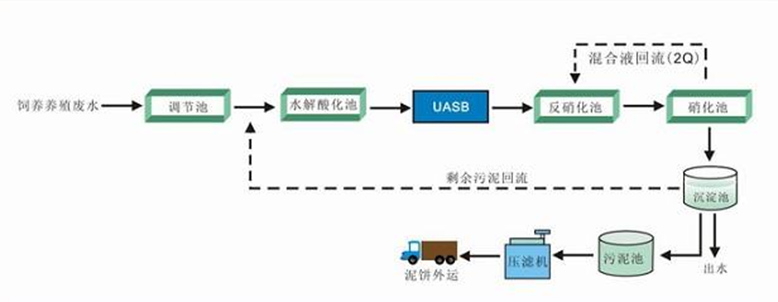 养殖污水具有典型的“三高”特征即有机物浓度高COD高达3000-12000mg/l,氨氮高达800-2200mg/l,悬浮物多SS超标数十倍,色度深,并含有大量的细菌,氨氮、有机磷含量高。可生化性好,冲洗排放时间集中,冲击负荷大。
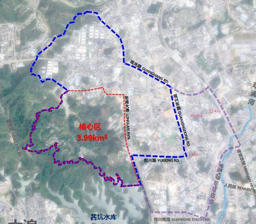 项目位于北至白花河、西临九龙山—浪荣路、南至观兴南路、东临梅观快速—观澜大道,总面积14.39平方公里,比南山高新区大;核心区规划范围西近九龙山-浪荣路,北至新丹路,东至龙澜大道,南至茜坑水库,总面积3.99平方公里。
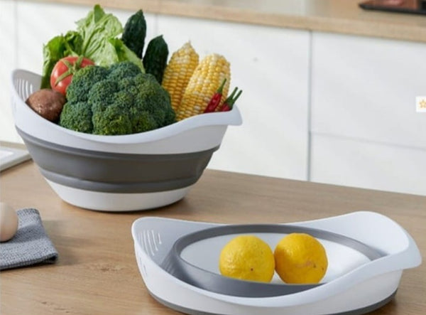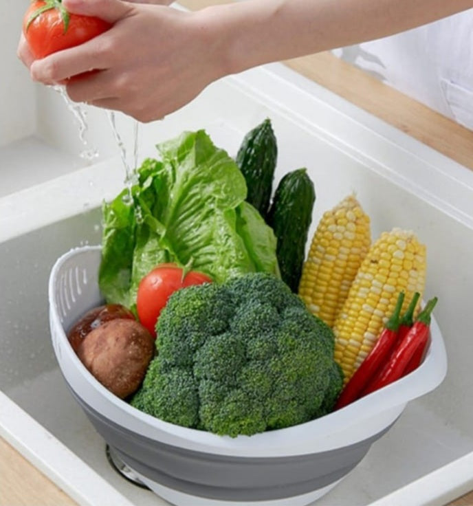 Can be used to drain and rinse all kinds of foods, from pasta to fruits and vegetables. Modern design compliments any kitchen. Size 30cm x 12-25cm.
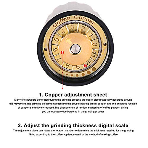 Kapazität: 25–28 g Stahlkern, schnelle Mahlgeschwindigkeit, wohl 23 Sekunden, die Kernfunktion unserer Kaffeemühle, hängt von ihrem doppelten Lager-Design ab, kann leicht und reibungslos mittelgroßen Kaffeesatz in 23 Sekunden mahlen, „Feinschliff“ ist sehr schnell, dagegen der gesamte Mahlprozess ist angenehm und arbeitssparend, was unser Preisvorteil gegenüber dem Marktgebiet kostengünstige Bohnenmühle ist.
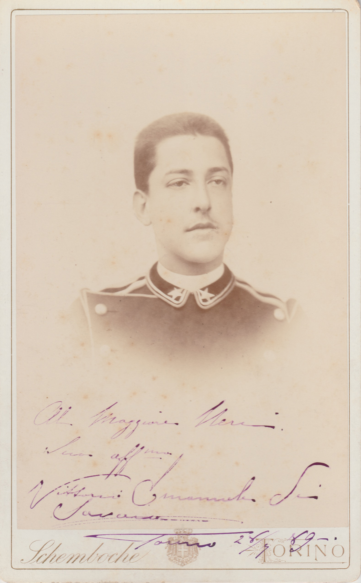 Dedica autografa, su ritratto fotografico, firmata dal Principe di Napoli e di Piemonte, immortalato in divisa militare. Datata 'Torino, 28/7 1889'. Fotografia Schemboche - Torino. Vittorio Emanuele III di Savoia è stato Re d'Italia (dal 1900 al 1946), Imperatore d'Etiopia (dal 1936 al 1943), Primo Maresciallo dell'Impero (dal 4 aprile 1938) e Re d'Albania (dal 1939 al 1943). Il suo lungo regno (46 anni) vide, oltre alle due guerre mondiali, l'introduzione del suffragio universale maschile (1912) e femminile (1945), delle prime importanti forme di protezione sociale, il declino e il crollo dello Stato liberale (1900-1922), la nascita e il crollo dello Stato fascista (1925-1943), la composizione della questione romana (1929), il raggiungimento dei massimi confini territoriali dell'Italia unita e le maggiori conquiste in ambito coloniale (Libia ed Etiopia). Vittorio Emanuele non ebbe un'infanzia molto felice, perché l'educazione di Casa Savoia, severa e di stampo militaresco, non favoriva l’espansività e gli slanci affettivi e perché nessuno dei suoi genitori si occupò mai di lui. Come suo precettore fu scelto il colonnello di Stato Maggiore Egidio Osio, che era stato militare all'ambasciata italiana a Berlino. Alcuni dicono che la severità di Osio ebbe effetti deleteri sul carattere del futuro sovrano, rendendolo ancora più insicuro e introverso; tuttavia questo fatto viene smentito anche dal rapporto di amicizia che il principe continuò a serbare con il suo precettore, intrattenendo una corrispondenza quasi giornaliera e difendendolo dalle accuse rivoltegli. Elevato al rango regio, frequentò le sedute d'inaugurazione dell'Accademia Nazionale dei Lincei, così come di altre associazioni di stampo scientifico, alle quali si avvicinava per i suoi interessi. Tra tutte le sue passioni, in ambito culturale, svettavano forse la numismatica, la storia e la geografia. Estimatore di William Shakespeare, parlava quattro lingue, tra cui il piemontese e il napoletano, ma non amava né il teatro, né i concerti. Al compimento dei vent'anni, Vittorio Emanuele essendo ormai diventato maggiorenne, fu assegnato al 1º Reggimento fanteria "Re" a Napoli, dove rimase per ben cinque anni. A Napoli strinse amicizia con il principe Nicola Brancaccio, instradandolo alla vita notturna napoletana. Per il giovane Principe il periodo napoletano fu forse il più felice della sua vita: imparò a parlare fluentemente il napoletano ed ebbe anche diverse amanti, tra cui la baronessa Maria Barracco. Un fatto poco noto è che durante il suo periodo a Napoli entrò in conflitto con il colonnello Luigi Cadorna e tra i due nacque una feroce antipatia che durò tutta la vita e che ebbe evidenti conseguenze vent'anni dopo, durante la Grande Guerra. La questione del matrimonio del giovane principe divenne oggetto di estrema preoccupazione per Umberto I di Savoia e Margherita, venne, dunque, combinato il matrimonio tra il Principe di Napoli e una Principessa montenegrina, Elena. Il fidanzamento tra Vittorio ed Elena fu una vera e propria "congiura", alla quale parteciparono praticamente tutte le case regnanti europee, e l'unico a esserne all'oscuro fu proprio il Principe. Il primo incontro tra i due avvenne a Venezia nel 1895: per sicurezza Elena era stata fatta accompagnare dalla sorella Anna, nell'eventualità che Vittorio preferisse l'una all'altra. Tuttavia la preferenza del Principe andò proprio a Elena, che era riuscita a colpirlo con la sua bellezza. Morì ad Alessandria il 28 dicembre 1947, il giorno dopo la firma della Costituzione italiana.
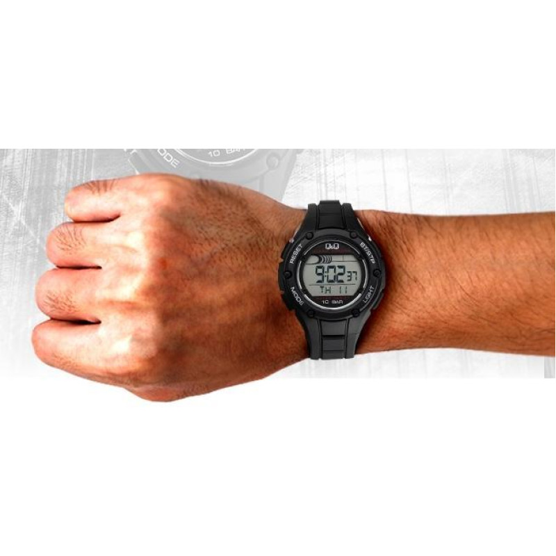 Модель Q&Q M129J001Y отлично подойдет под спортивный и повседневный стиль одежды. Благодаря обширному функционалу, эти часы станут неотъемлемой частью мужчины во время занятий спортом.
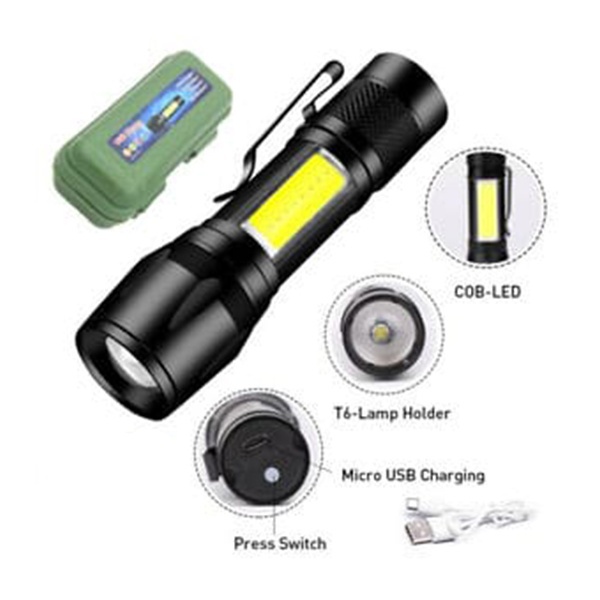 چراغ قوه جیبی زوم دار XPE+COB چراغ بغل پلیسی
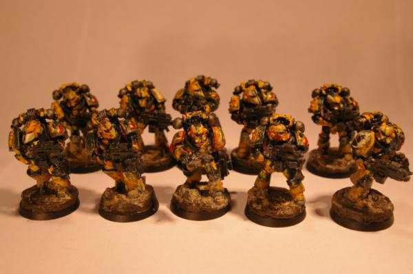 Ive gone for volkite chargers as the special weapon options due to having some around rather than any other particular reason. I thought about giving them graviton guns, but i want these to act as an assault unit and having heavy weapons in the squad screws that option.

--------------------------------------------------

REQUIRED WORK — Take the material above and set it down exactly, minus the images.

RESPONSE BOX —
 养殖污水具有典型的“三高”特征即有机物浓度高COD高达3000-12000mg/l,氨氮高达800-2200mg/l,悬浮物多SS超标数十倍,色度深,并含有大量的细菌,氨氮、有机磷含量高。可生化性好,冲洗排放时间集中,冲击负荷大。
 项目位于北至白花河、西临九龙山—浪荣路、南至观兴南路、东临梅观快速—观澜大道,总面积14.39平方公里,比南山高新区大;核心区规划范围西近九龙山-浪荣路,北至新丹路,东至龙澜大道,南至茜坑水库,总面积3.99平方公里。
 Can be used to drain and rinse all kinds of foods, from pasta to fruits and vegetables. Modern design compliments any kitchen. Size 30cm x 12-25cm.
 Kapazität: 25–28 g Stahlkern, schnelle Mahlgeschwindigkeit, wohl 23 Sekunden, die Kernfunktion unserer Kaffeemühle, hängt von ihrem doppelten Lager-Design ab, kann leicht und reibungslos mittelgroßen Kaffeesatz in 23 Sekunden mahlen, „Feinschliff“ ist sehr schnell, dagegen der gesamte Mahlprozess ist angenehm und arbeitssparend, was unser Preisvorteil gegenüber dem Marktgebiet kostengünstige Bohnenmühle ist.
 Dedica autografa, su ritratto fotografico, firmata dal Principe di Napoli e di Piemonte, immortalato in divisa militare. Datata 'Torino, 28/7 1889'. Fotografia Schemboche - Torino. Vittorio Emanuele III di Savoia è stato Re d'Italia (dal 1900 al 1946), Imperatore d'Etiopia (dal 1936 al 1943), Primo Maresciallo dell'Impero (dal 4 aprile 1938) e Re d'Albania (dal 1939 al 1943). Il suo lungo regno (46 anni) vide, oltre alle due guerre mondiali, l'introduzione del suffragio universale maschile (1912) e femminile (1945), delle prime importanti forme di protezione sociale, il declino e il crollo dello Stato liberale (1900-1922), la nascita e il crollo dello Stato fascista (1925-1943), la composizione della questione romana (1929), il raggiungimento dei massimi confini territoriali dell'Italia unita e le maggiori conquiste in ambito coloniale (Libia ed Etiopia). Vittorio Emanuele non ebbe un'infanzia molto felice, perché l'educazione di Casa Savoia, severa e di stampo militaresco, non favoriva l’espansività e gli slanci affettivi e perché nessuno dei suoi genitori si occupò mai di lui. Come suo precettore fu scelto il colonnello di Stato Maggiore Egidio Osio, che era stato militare all'ambasciata italiana a Berlino. Alcuni dicono che la severità di Osio ebbe effetti deleteri sul carattere del futuro sovrano, rendendolo ancora più insicuro e introverso; tuttavia questo fatto viene smentito anche dal rapporto di amicizia che il principe continuò a serbare con il suo precettore, intrattenendo una corrispondenza quasi giornaliera e difendendolo dalle accuse rivoltegli. Elevato al rango regio, frequentò le sedute d'inaugurazione dell'Accademia Nazionale dei Lincei, così come di altre associazioni di stampo scientifico, alle quali si avvicinava per i suoi interessi. Tra tutte le sue passioni, in ambito culturale, svettavano forse la numismatica, la storia e la geografia. Estimatore di William Shakespeare, parlava quattro lingue, tra cui il piemontese e il napoletano, ma non amava né il teatro, né i concerti. Al compimento dei vent'anni, Vittorio Emanuele essendo ormai diventato maggiorenne, fu assegnato al 1º Reggimento fanteria "Re" a Napoli, dove rimase per ben cinque anni. A Napoli strinse amicizia con il principe Nicola Brancaccio, instradandolo alla vita notturna napoletana. Per il giovane Principe il periodo napoletano fu forse il più felice della sua vita: imparò a parlare fluentemente il napoletano ed ebbe anche diverse amanti, tra cui la baronessa Maria Barracco. Un fatto poco noto è che durante il suo periodo a Napoli entrò in conflitto con il colonnello Luigi Cadorna e tra i due nacque una feroce antipatia che durò tutta la vita e che ebbe evidenti conseguenze vent'anni dopo, durante la Grande Guerra. La questione del matrimonio del giovane principe divenne oggetto di estrema preoccupazione per Umberto I di Savoia e Margherita, venne, dunque, combinato il matrimonio tra il Principe di Napoli e una Principessa montenegrina, Elena. Il fidanzamento tra Vittorio ed Elena fu una vera e propria "congiura", alla quale parteciparono praticamente tutte le case regnanti europee, e l'unico a esserne all'oscuro fu proprio il Principe. Il primo incontro tra i due avvenne a Venezia nel 1895: per sicurezza Elena era stata fatta accompagnare dalla sorella Anna, nell'eventualità che Vittorio preferisse l'una all'altra. Tuttavia la preferenza del Principe andò proprio a Elena, che era riuscita a colpirlo con la sua bellezza. Morì ad Alessandria il 28 dicembre 1947, il giorno dopo la firma della Costituzione italiana.
 Модель Q&Q M129J001Y отлично подойдет под спортивный и повседневный стиль одежды. Благодаря обширному функционалу, эти часы станут неотъемлемой частью мужчины во время занятий спортом.
 چراغ قوه جیبی زوم دار XPE+COB چراغ بغل پلیسی
 Ive gone for volkite chargers as the special weapon options due to having some around rather than any other particular reason. I thought about giving them graviton guns, but i want these to act as an assault unit and having heavy weapons in the squad screws that option.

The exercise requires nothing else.